Call for Contributions
The ProWeb22 workshop is a forum for researchers and practitioners to share and discuss new technology for programming these and future evolutions of the web. We welcome submissions introducing programming technology (i.e., frameworks, libraries, programming languages, program analyses, and development tools) and formalisms for implementing web applications and for maintaining their quality, as well as experience reports about their usage. Relevant topics include, but are not limited to:
- Applications of AI to web software development: code models, code prediction, change impact analysis, automated testing
- Web App Quality: static and dynamic program analyses, metrics, development tools, automated testing, contract systems, type systems, migration from legacy architectures, web service APIs, API conformance checking
- Designing for and hosting novel languages on the web: compilation to JavaScript, WebAssembly
- Multi-tier (or tierless) programming: new languages and runtimes, tier-splitting compilers, type systems
- Principles and practice of Web UI programming: data binding, reactive programming, virtual DOM
- Data sharing, replication, and consistency: cloud types, CRDTs, eventual consistency, offline storage, peer-to-peer communication
- Security on the new web: security policies, policy enforcement, membranes, vulnerability detection, dynamic patching
- Surveys and case studies using state-of-the-art web technology (e.g., WebAssembly, WebSockets, Web Storage, Service Workers, WebRTC, Angular.js, React and React Native, TypeScript, Proxies, PureScript, ClojureScript, Amber Smalltalk, Scala.js)

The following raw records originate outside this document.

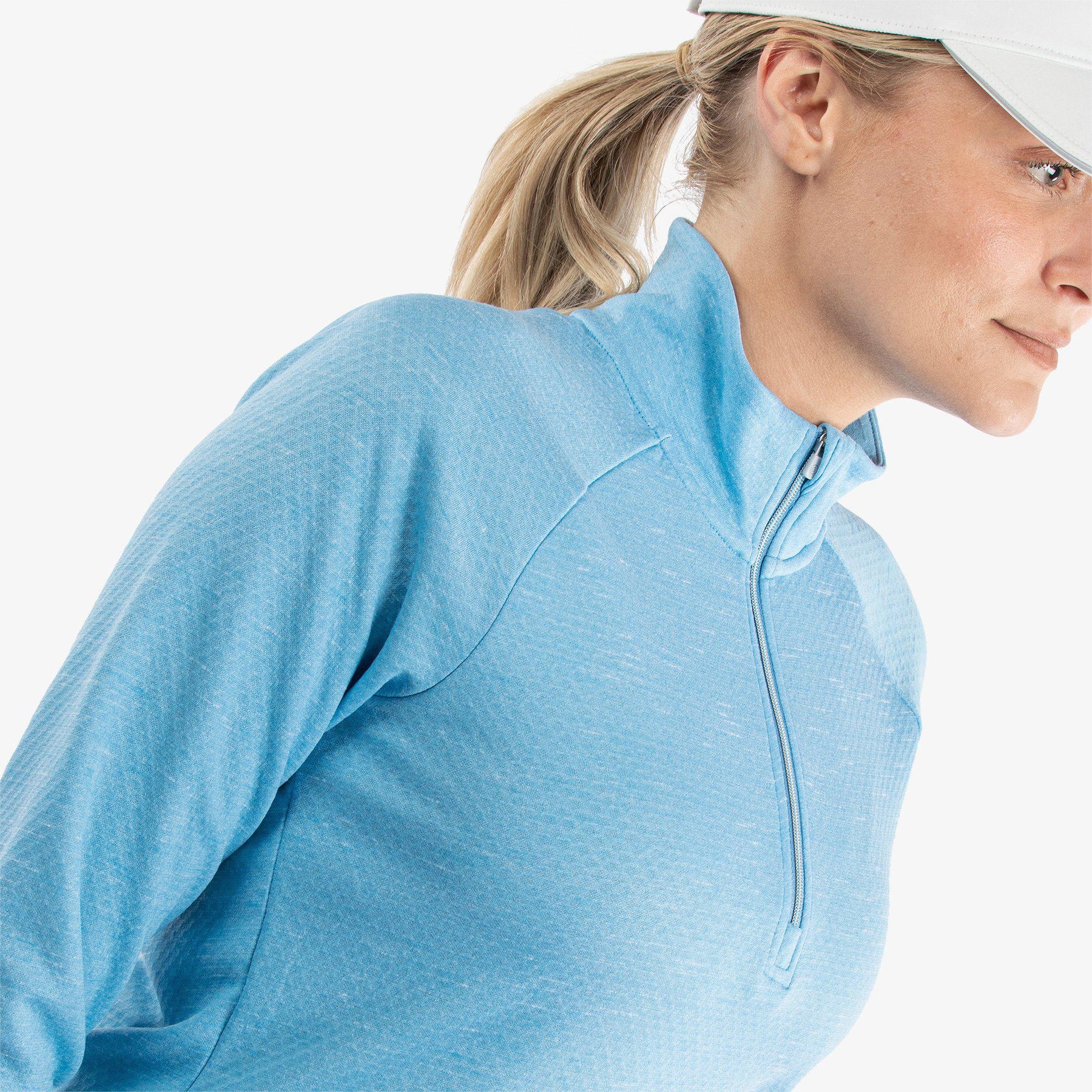 Diora is a lightweight women’s melange quarter zip mid layer made from Galvin Green’s high-tech INSULA™ fabric. Designed to provide a light layer of thermal insulation as a sweater or layer underneath your jacket, Diora is an essential piece in a well-rounded golf wardrobe. Made from a bluesign® approved fabric, this pullover has a soft handfeel and excellent next-to-skin comfort.
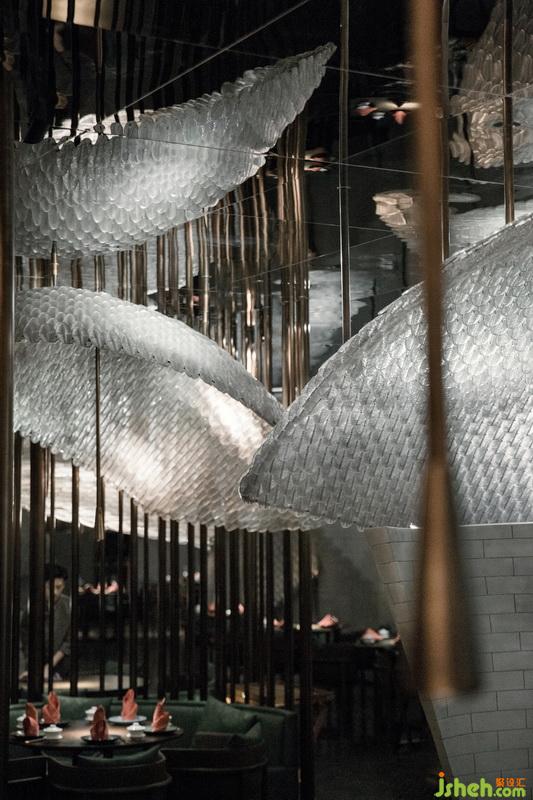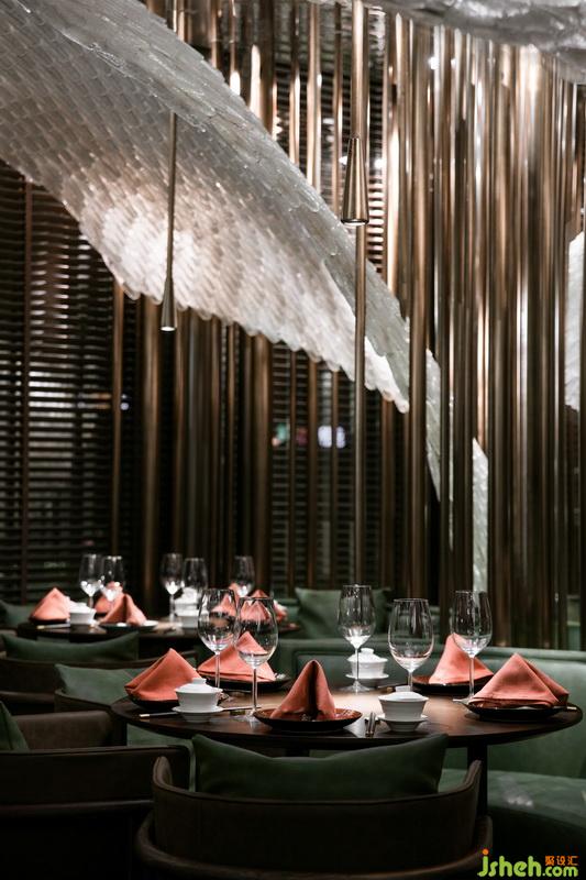 铜柱承载着琉璃羽毛,掘地而起直冲天际;在天花镜面的倒影下,仿佛穿越时光的对话。墙面的镜面又在横向维度上把空间扩大了一倍,如此让整个空间像羽翼般的梦境一样无界。我们希望客人能够感受到置身在梦境之中,扑朔迷离,形成独特的空间体验。
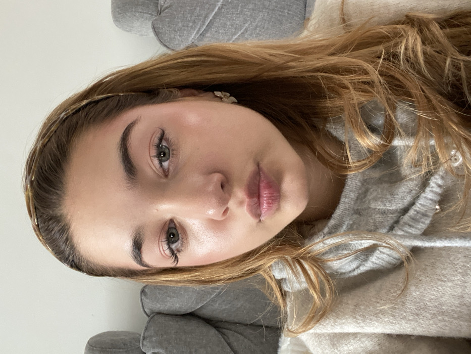 An image depicts a close-up, chest-up indoor selfie of a young female, approximately 18-25 years of age
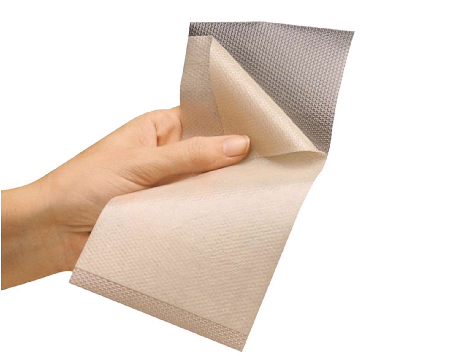 - Hæfter sig let til huden, men vil ikke sidde fast i sårområdet, tøj eller kompressionsforbinding. Hæfter igen efter inspektion af huden.

- Ideas on and experience reports about: how to reconcile the need for quality with the need for agility on the web, how to master and combine the myriad of tier-specific technologies required to develop a web application
- Position papers on what the future of the web will look like
This year, we are accepting three types of submission:
- Full papers, position papers, and experience reports: 6-page papers describing novel research, which, when accepted, will be included in the ACM Digital Library.
- Demo papers: 4-page papers illustrating demonstrations of tools and prototypes.
- Presentation abstracts: 2-page extended abstracts.
Presentation abstracts and demo papers will not be included in the ACM Digital Library but will be included in an informal pre-proceedings on the website. We very much welcome presentation abstracts about work already published elsewhere, or giving an overview of an existing system, and the format is designed not to preclude future publication.
Submissions should be in ACM SIGPLAN two-column format (see https://www.sigplan.org/Resources/Author/). References are not counted in the page limits.
If you have any questions or wonder whether your submission is in scope, please do not hesitate to contact the organizers.
More information: https://2022.programming-conference.org/track/proweb-2022-papers
Important dates (AoE)
- Submission deadline: 1st February 2021
- Author notification: 1st March 2021
- Camera-ready version: 1st May 2021
Formatting instructions
The format of your paper must strictly adhere to the ACM Format. LaTeX: Use version acmart v1.77 or newer. You can directly download the LaTeX class file acmart and the BibTeX ACM Reference Format, which are also available from CTAN. Please use the ‘sigconf’ style by using the following LaTeX class configuration: \documentclass[sigconf,screen]{acmart} Word: Download template from ACM format site. Please use the ‘sigconf’ style by selecting the right template.